Proper hazard identification has become progressively more difficult to achieve, as witnessed by several major accidents that took place in Europe, such as the Ammonium Nitrate explosion at Toulouse (2001) and the vapour cloud explosion at Buncefield (2005), whose accident scenarios were not considered by their site safety case. Furthermore, the rapid renewal in the industrial technology has brought about the need to upgrade hazard identification methodologies. Accident scenarios of emerging technologies, which are not still properly identified, may remain unidentified until they take place for the first time. The consideration of atypical scenarios deviating from normal expectations of unwanted events or worst case reference scenarios is thus extremely challenging. A specific method named Dynamic Procedure for Atypical Scenarios Identification (DyPASI) was developed as a complementary tool to bow-tie identification techniques.

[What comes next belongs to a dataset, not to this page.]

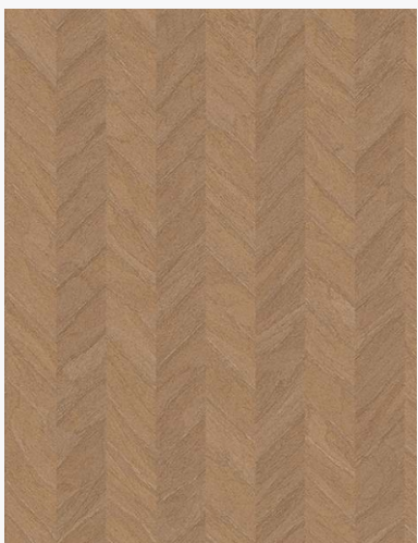
5150 SAND MOUNT

The main aim of the methodology is to provide an easier but comprehensive hazard identification of the industrial process analysed, by systematizing information from early signals of risk related to past events, near misses and inherent studies. DyPASI was validated on the two examples of new and emerging technologies: Liquefied Natural Gas regasification and Carbon Capture and Storage. The study broadened the knowledge on the related emerging risks and, at the same time, demonstrated that DyPASI is a valuable tool to obtain a complete and updated overview of potential hazards. Moreover, in order to tackle underlying accident causes of atypical events, three methods for the development of early warning indicators were assessed: the Resilience-based Early Warning Indicator (REWI) method, the Dual Assurance method and the Emerging Risk Key Performance Indicator method. REWI was found to be the most complementary and effective of the three, demonstrating that its synergy with DyPASI would be an adequate strategy to improve hazard identification methodologies towards the capture of atypical accident scenarios.